Emsembled tree classifiers like random forest or extra trees that use bagging have multiple decision trees that are grown by decreasing impurities based on measures like information gain or Gini impurity. When a node in a tree splits, the impurity of the tree is decreased by drawing a decision line on one of the features.

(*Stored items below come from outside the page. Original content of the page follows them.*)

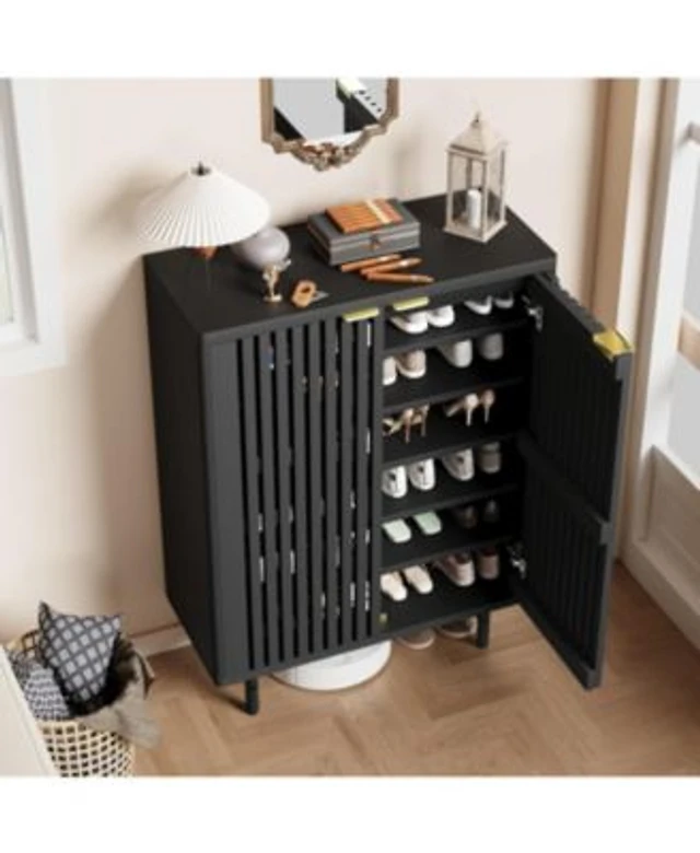 Rainsken Shoe Cabinet with Doors, 5-Tier Shoe Storage Rack with Black Handle, Circular Louvered Door Design, Shoe Organizer for Entryway, Living Room
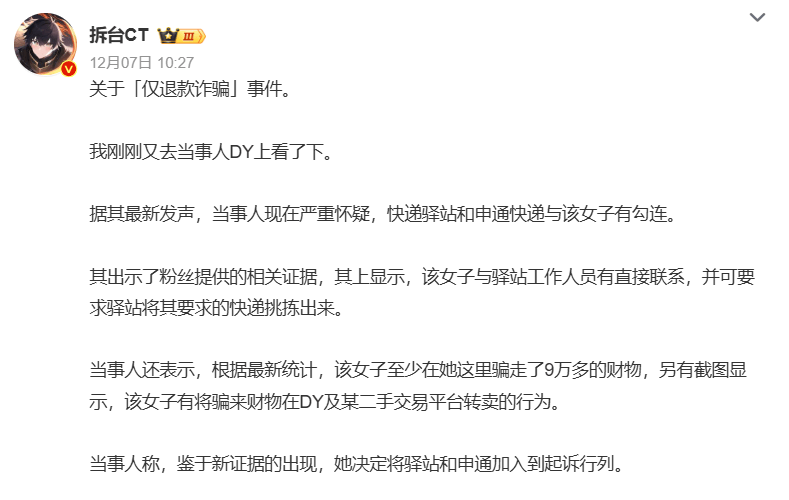 一般环境下,给电商行业的仅退款带来了新的挑和。将驿坐和申通插手到告状行列。先后给商家两次转账。
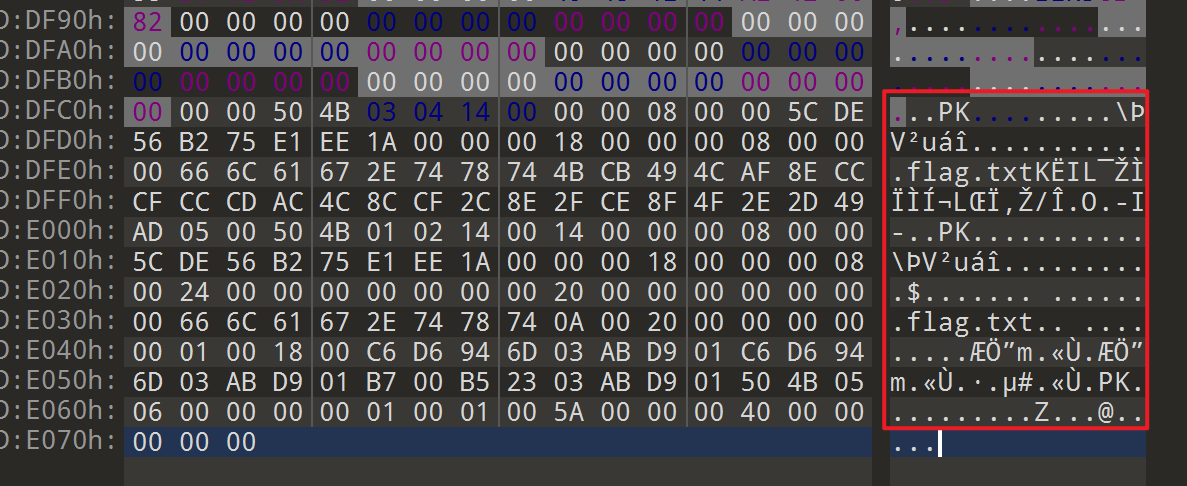 分离出一个压缩包,解压后得到一个flag.txt文档,打开后就得到flag:
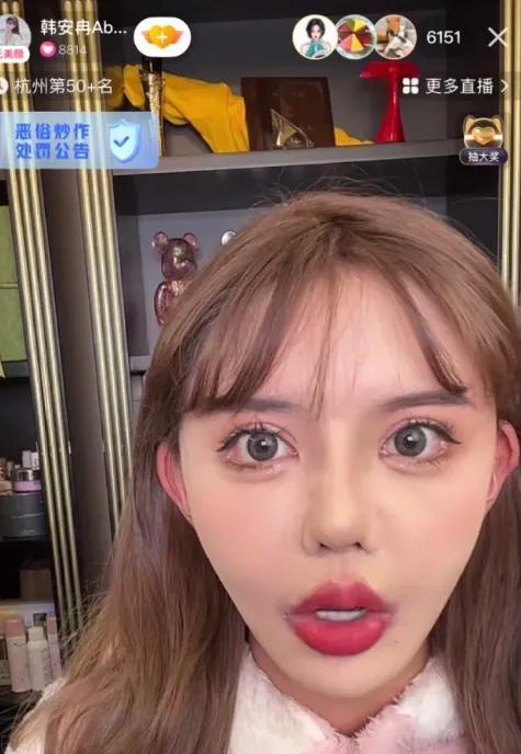 最近,韩安冉现身直播,疑似整容崩坏的长相再次让人大吃一惊。她的脸部线条奇怪,做起表情来像锥子,过度开眼角导致眼睛时刻都像在瞪着,嘴唇过度丰满像是蜜蜂蜇肿了,山根也特别宽。
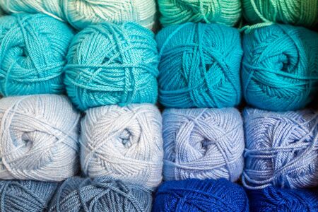 Colored balls and skiens of yarn. Top view. Aquamarine colors. Yarn for knitting.
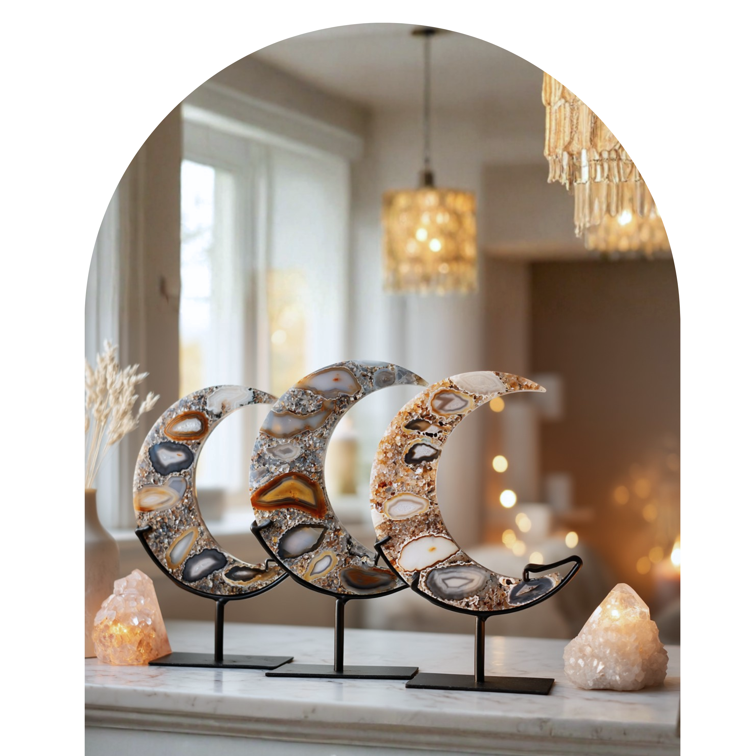 Our new Agate Moon Collection captures that lunar essence in sculpted crescents of natural agate — stones layered with Earth’s ancient whispers and veined with gold like frozen light.
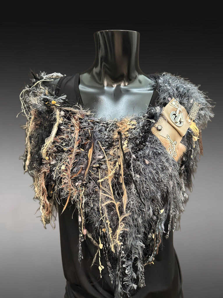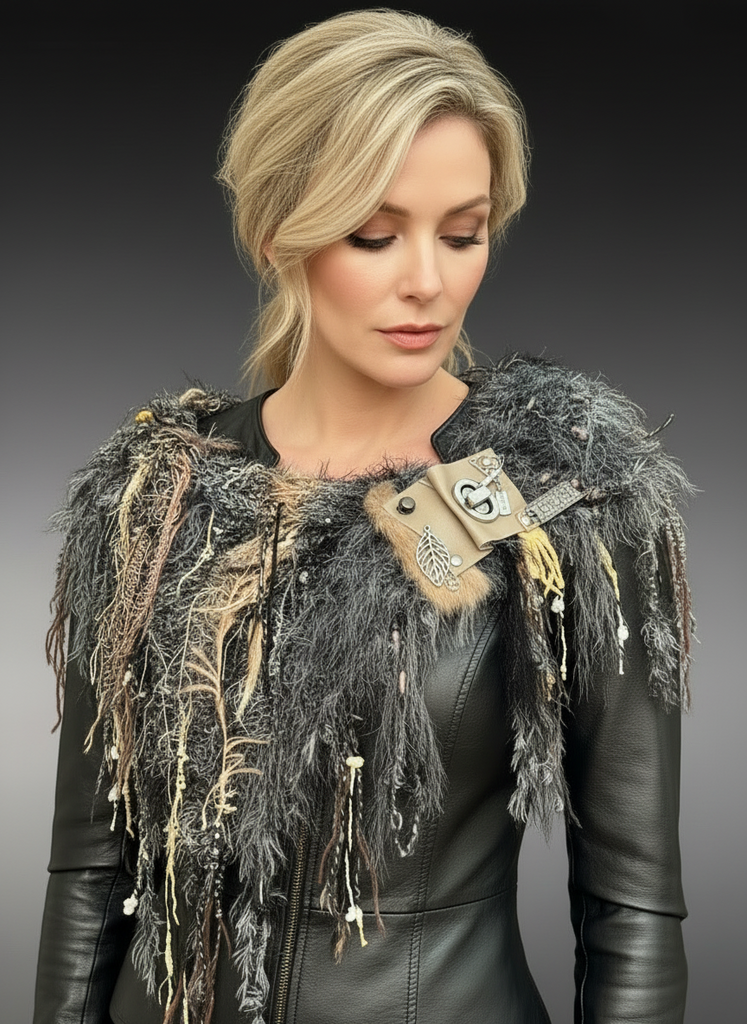 Luxury Textured Fringe Cowl with Leather Charm Detail – Wearable Art Fashion

The impurity decrease of each feature for a forest then can be averaged over many trees.


In [None]:
from sklearn.ensemble import RandomForestClassifier

clf = RandomForestClassifier()
clf.fit(X,y)


In [None]:
scores = []
for i in range(num_features):
    scores.append((clf.feature_importances_[i],X.columns[i]))
        
print_best_worst(scores)

# 5-2: Mean Decrease Accuracy

For mean decrease accuracy, we measure the decline in accuracy when we shuffle or exclude a single feature.
Shuffling or exlucding an important feature should result in a drop in accuracy.


In [None]:
from sklearn.model_selection import cross_val_score

scores = []
clf = RandomForestClassifier()
score_normal = np.mean(cross_val_score(clf, X, y, cv = 10))

# X_shuffled = X.copy()
# np.random.shuffle(X_shuffled[X.columns[i]])

# X_shuffled.meanfreq
for i in range(num_features):
    X_shuffled = X.copy()
    scores_shuffle = []
    for j in range(3):
        np.random.seed(j*3)
        np.random.shuffle(X_shuffled[X.columns[i]])
        score = np.mean(cross_val_score(clf, X_shuffled, y, cv = 10))
        scores_shuffle.append(score)
        
    scores.append((score_normal - np.mean(scores_shuffle), X.columns[i]))
    

In [None]:
scores,score_normal

In [None]:
print_best_worst(scores)

# 6. Stability Selection

Stability selection method uses randomized lasso for regression and randomized logistic regression for classification.
It randomly subsamples instances and features, selects good features on each subset and aggregates the results.
It is straightforward to implement.


In [None]:
from sklearn.linear_model import RandomizedLogisticRegression

clf = RandomizedLogisticRegression()
clf.fit(X,y)


In [None]:
zero_feat = []
nonzero_feat = []
# type(clf.coef_)
for i in range(num_features):
    coef = clf.scores_[i]
    if coef == 0:
        zero_feat.append(X.columns[i])
    else:
        nonzero_feat.append((coef, X.columns[i]))
        
print ('Features that have coeffcient of 0 are: ', zero_feat)
print ('Features that have non-zero coefficients are:')
print (sorted(nonzero_feat, reverse = True))

# Conclusion


For feature selection, incorporating some of these techniques in combination and cross-validating should give reliable results.
For feature ranking, it is important to take each method with caution. It is recommended to take multiple subsets of your data and aggregate the results to ensure stability of the outcomes.